→ **YOUR OBJECTIVE**:
Every line from the one containing "De Akrapovic door" to the one containing "6年生の理科は、物の燃え方の" in the records below, both included, must be set down exactly, and no other line.

→ **ENTRIES PROVIDED**:
-.-.-
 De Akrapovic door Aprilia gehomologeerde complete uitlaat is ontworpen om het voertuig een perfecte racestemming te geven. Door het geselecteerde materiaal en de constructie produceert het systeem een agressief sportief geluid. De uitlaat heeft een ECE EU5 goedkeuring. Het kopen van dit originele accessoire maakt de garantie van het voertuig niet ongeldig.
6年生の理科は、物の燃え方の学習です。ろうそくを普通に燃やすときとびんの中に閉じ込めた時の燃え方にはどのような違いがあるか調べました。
-.-.-
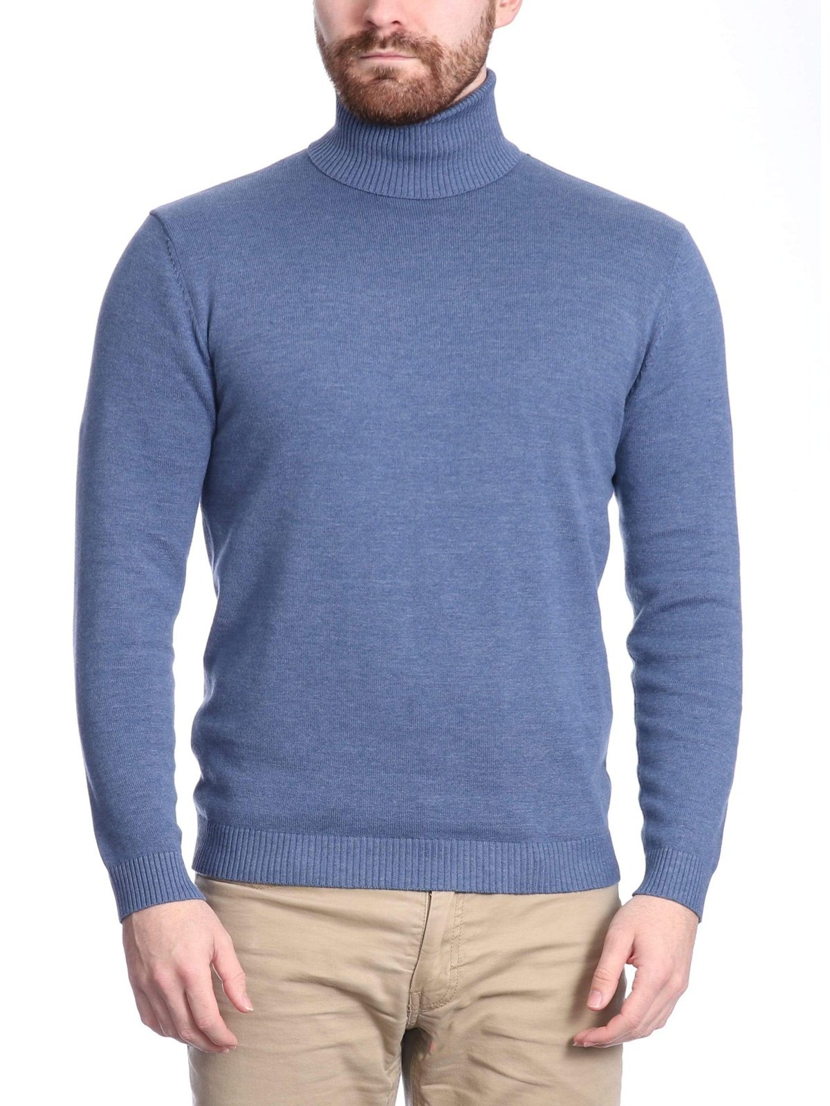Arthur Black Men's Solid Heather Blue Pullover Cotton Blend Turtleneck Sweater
-.-.-
→ **TASK RESPONSE**:
 De Akrapovic door Aprilia gehomologeerde complete uitlaat is ontworpen om het voertuig een perfecte racestemming te geven. Door het geselecteerde materiaal en de constructie produceert het systeem een agressief sportief geluid. De uitlaat heeft een ECE EU5 goedkeuring. Het kopen van dit originele accessoire maakt de garantie van het voertuig niet ongeldig.
6年生の理科は、物の燃え方の学習です。ろうそくを普通に燃やすときとびんの中に閉じ込めた時の燃え方にはどのような違いがあるか調べました。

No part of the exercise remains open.